## YOUR INSTRUCTIONS
Pictures excluded, output the lines of the data below between the one holding "在云南,不同類(lèi)型的" and the one holding "O tema design", inclusive, exactly as they stand.

## GIVEN RECORDS
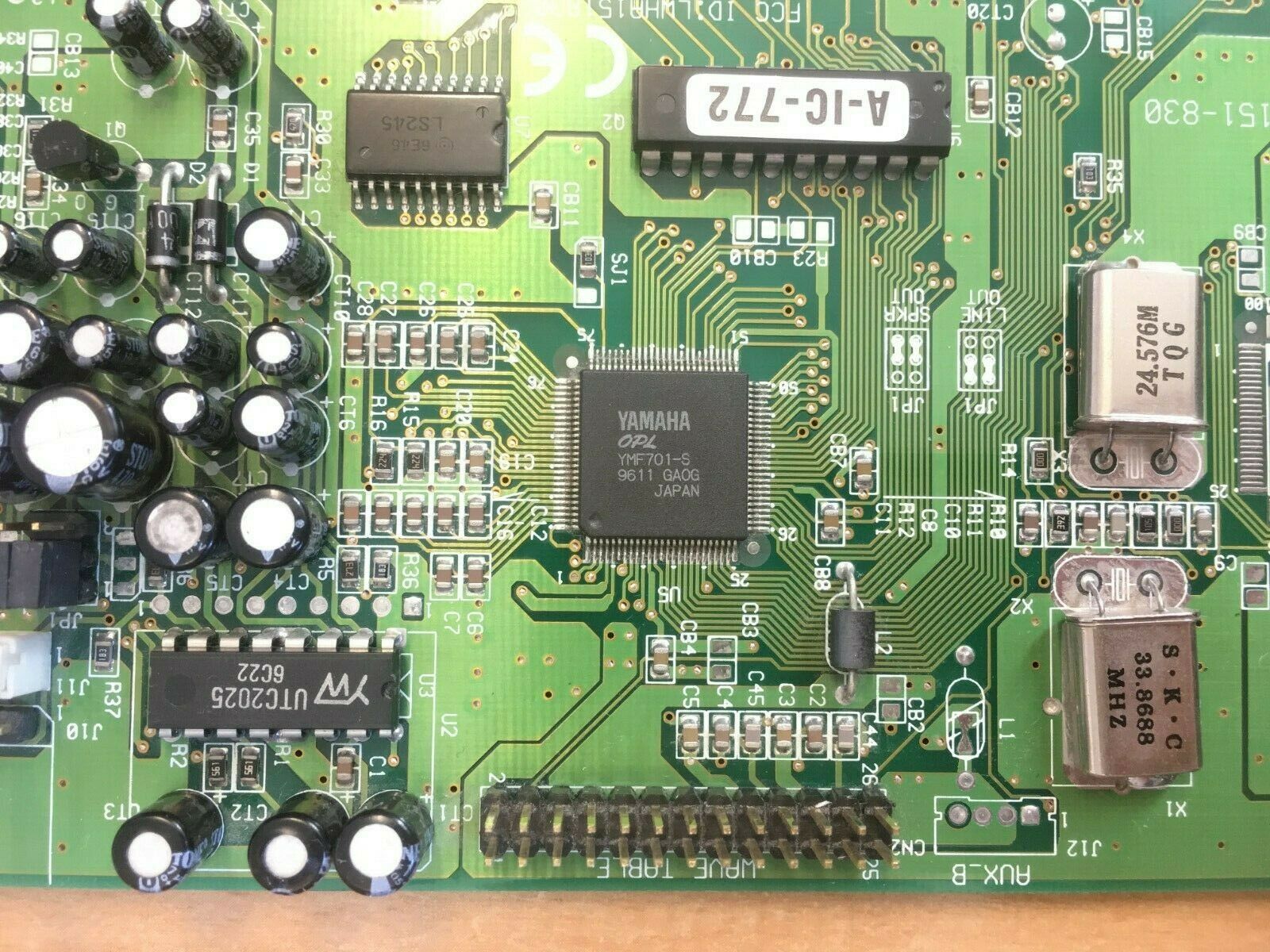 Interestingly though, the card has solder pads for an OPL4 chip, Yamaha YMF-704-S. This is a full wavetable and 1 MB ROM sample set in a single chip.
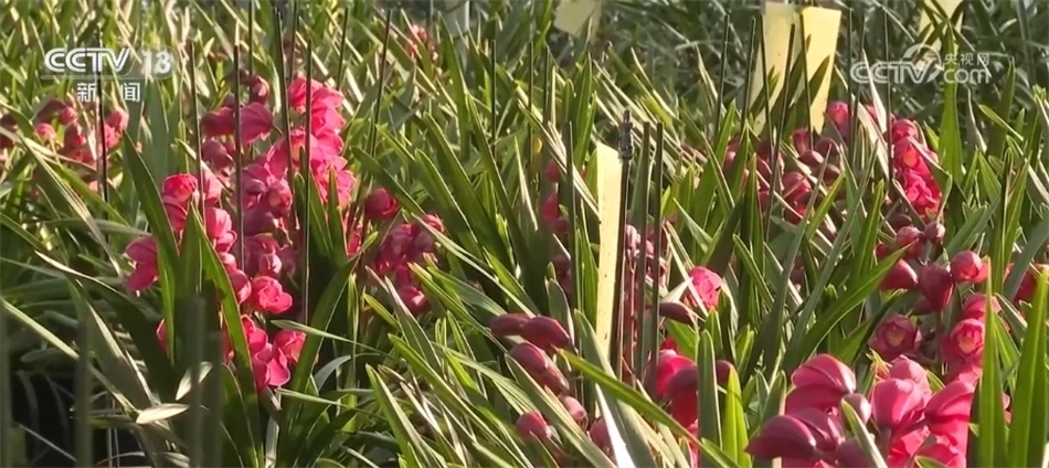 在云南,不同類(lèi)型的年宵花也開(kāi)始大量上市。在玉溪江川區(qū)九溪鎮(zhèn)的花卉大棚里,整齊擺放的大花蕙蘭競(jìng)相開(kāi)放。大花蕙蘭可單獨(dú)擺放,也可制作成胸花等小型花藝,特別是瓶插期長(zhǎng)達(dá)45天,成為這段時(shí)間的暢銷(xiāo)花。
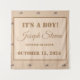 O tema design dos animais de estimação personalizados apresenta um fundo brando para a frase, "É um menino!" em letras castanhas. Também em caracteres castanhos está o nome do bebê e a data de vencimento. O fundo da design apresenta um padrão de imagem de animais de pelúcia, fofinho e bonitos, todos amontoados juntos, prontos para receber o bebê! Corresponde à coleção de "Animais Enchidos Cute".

--

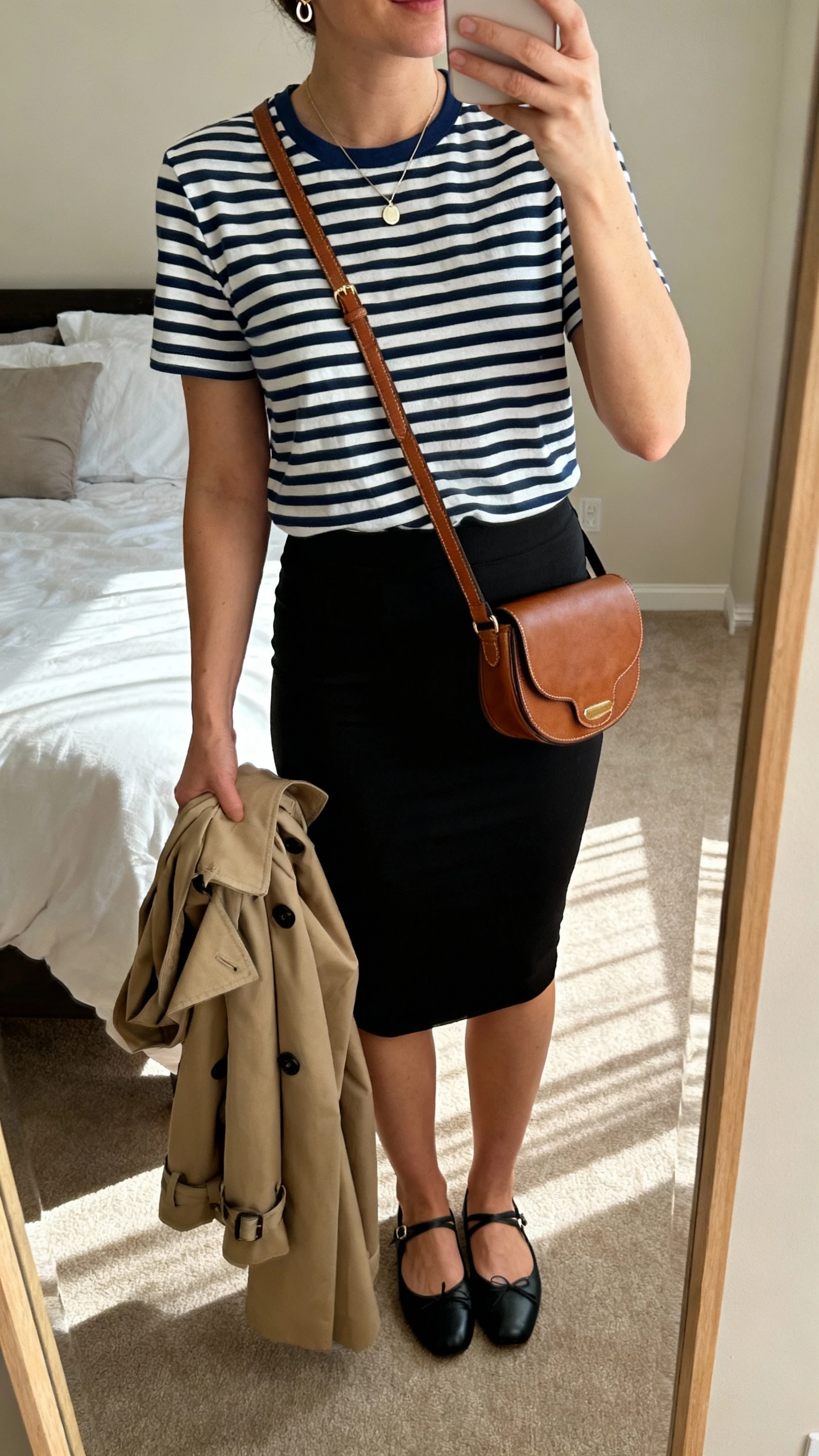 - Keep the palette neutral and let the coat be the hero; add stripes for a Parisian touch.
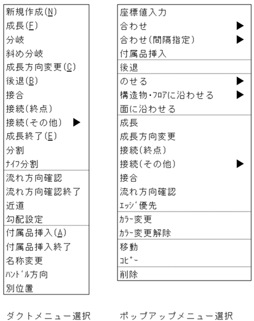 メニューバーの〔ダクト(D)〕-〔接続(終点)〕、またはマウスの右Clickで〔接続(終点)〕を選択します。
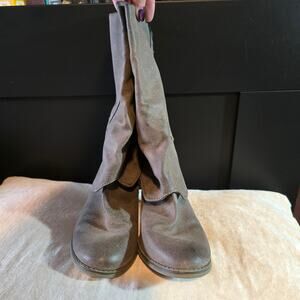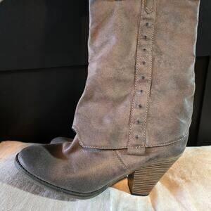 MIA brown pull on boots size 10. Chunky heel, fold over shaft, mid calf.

## SOLUTION BELOW
 在云南,不同類(lèi)型的年宵花也開(kāi)始大量上市。在玉溪江川區(qū)九溪鎮(zhèn)的花卉大棚里,整齊擺放的大花蕙蘭競(jìng)相開(kāi)放。大花蕙蘭可單獨(dú)擺放,也可制作成胸花等小型花藝,特別是瓶插期長(zhǎng)達(dá)45天,成為這段時(shí)間的暢銷(xiāo)花。
 O tema design dos animais de estimação personalizados apresenta um fundo brando para a frase, "É um menino!" em letras castanhas. Também em caracteres castanhos está o nome do bebê e a data de vencimento. O fundo da design apresenta um padrão de imagem de animais de pelúcia, fofinho e bonitos, todos amontoados juntos, prontos para receber o bebê! Corresponde à coleção de "Animais Enchidos Cute".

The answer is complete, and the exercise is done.